Exceptions – how will employers treat workers outside the programme?
- Will employers accept other tests: It may be disproportionate for employers to require individuals to participate in a workplace testing programme solely in order to obtain a particular type of test (e.g. a PCR or lateral flow test) or to obtain a test result from a particular provider. For example, the individual could provide evidence of a recent negative test result provided by the NHS or another unaffiliated but accredited private provider. Employers should consider to what extent it will allow exceptions to mandatory participation.
- How will employers manage exceptions: Workers who usually work from home (who are not required to participate in workplace testing) may request or require occasional access to the office. Employers should consider whether (and if so why) they require these workers to participate in workplace testing on an ongoing basis (despite infrequent access the workplace). Alternatively, if the employer accepts evidence of negative test results procured by these workers outside of the employer testing programme, employers should consider how they will confirm or acknowledge these results, especially if the worker is unable to submit the results via the existing systems built specifically for the testing programme (and which may be designed to ensure that the employer does not process or have access to test results).
- Visitors and third party contact: Employers should also consider what (if any) requirements they impose on visitors to worksites; it is unlikely that businesses would subject visitors, clients and customers to Covid-19 coronavirus testing (other than limited and non-intrusive controls, such as temperature testing). Similarly, for workspaces that share common spaces with other businesses (such as communal areas or shared office space), employers should consider whether it is proportionate to mandate testing for its workforce if such workers interact frequently with customers, visitors, or workers employed by other parties who are not subject to testing.

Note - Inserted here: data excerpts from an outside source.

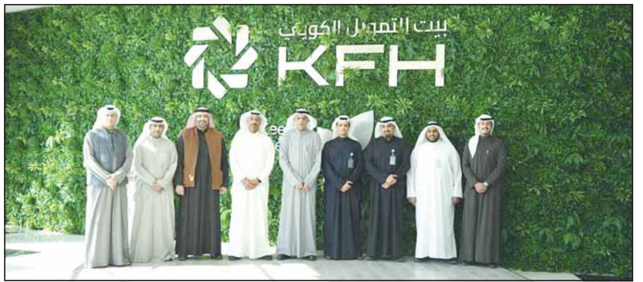
Group photo after signing the agreement.

For the first time in Kuwait and through KFHonline app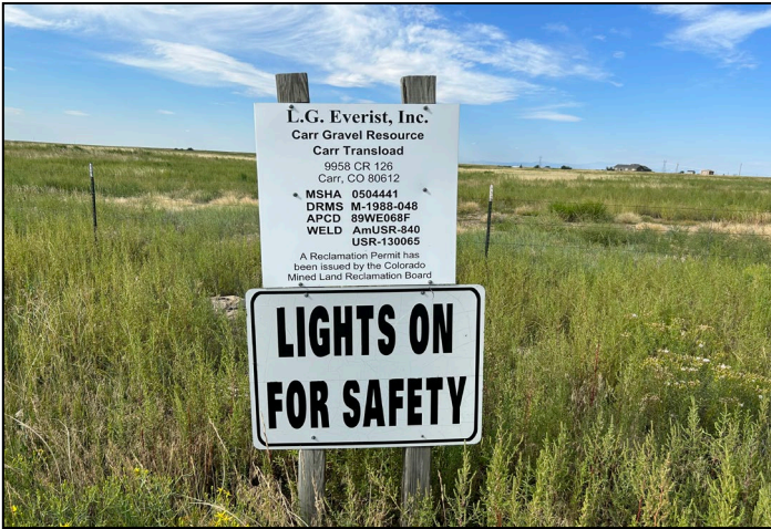
Photo 1 – Site identification sign posted at site entrance as required.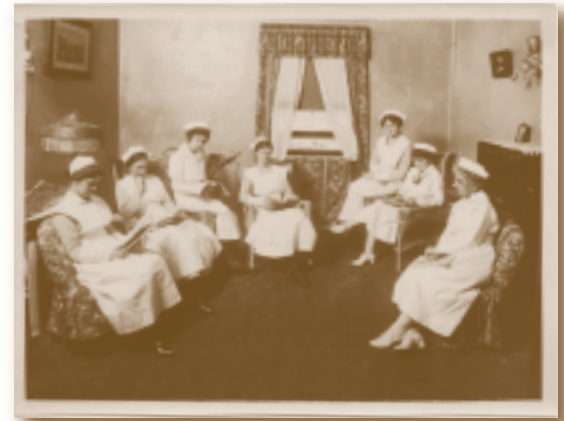
Students from Bethesda's School of Nursing study together.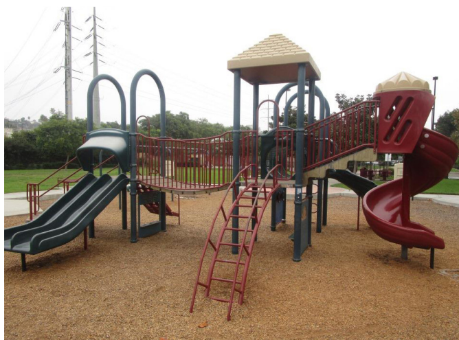
Silver Terrace Mini Park

For the parks included in this assessment, 112,801,312 gross square feet (2,590 acres) were assessed. The Plant Replacement Value for the developed areas for the 235 parks assessed is $1,968,172,155. Individual park PRV's are included in the park amenity assessment reports for each park.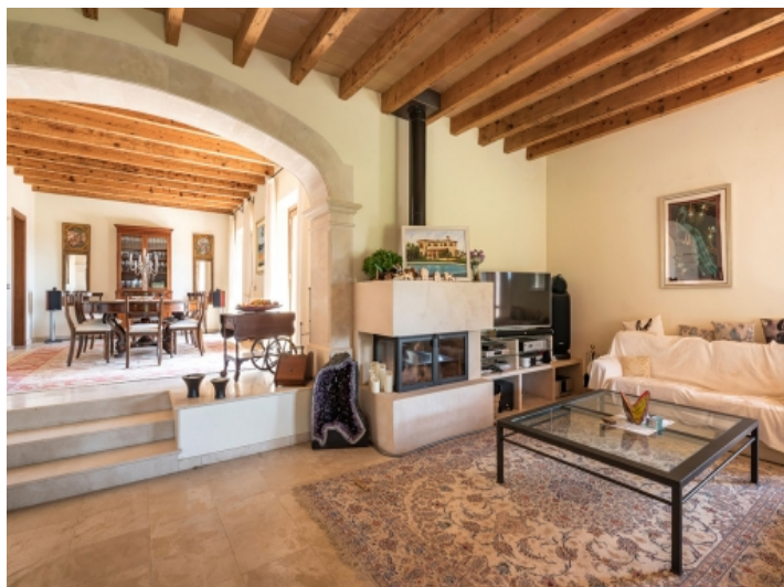
Rustic living room with fireplace for colder days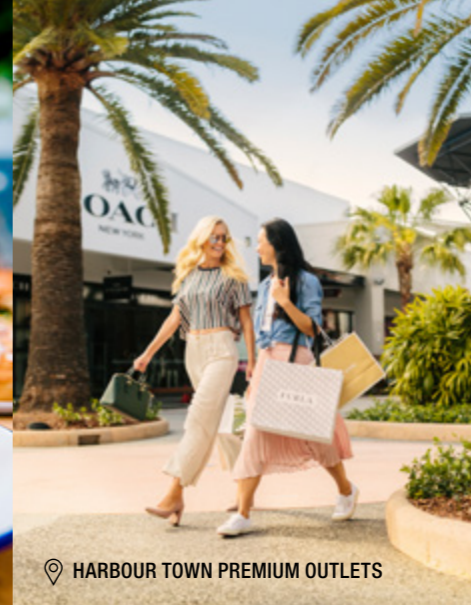
📍 HARBOUR TOWN PREMIUM OUTLETS

Documentation – has the employer conducted an assessment of the project?
- DPIA: The ICO requires employers to carry out a data protection impact assessment (a DPIA) before putting in place mandatory Covid-19 symptoms testing. The purpose of a DPIA is to: (i) describe the nature, scope, context and purpose of processing; (ii) assess the necessity and proportionality of the project; (iii) assess the risks to individuals; and (iv) assess the measures to mitigate such risks. Where mandatory testing increases the likelihood and severity of any impact on individuals, employers should consider whether the high risk processing activities are justifiable if not remediable. The DPIA should also outline the employer’s review mechanisms to explain how the employer will review mandatory participation to ensure the measure remains proportionate over time.
- Health and safety: Employers should consider conducting (and documenting) a health and safety assessment of any testing programme to understand the need and viability of mandatory participation. Imposing or requiring mandatory participation without justification, could mean that the employer engages in avoidable and privacy-intrusive data processing activities.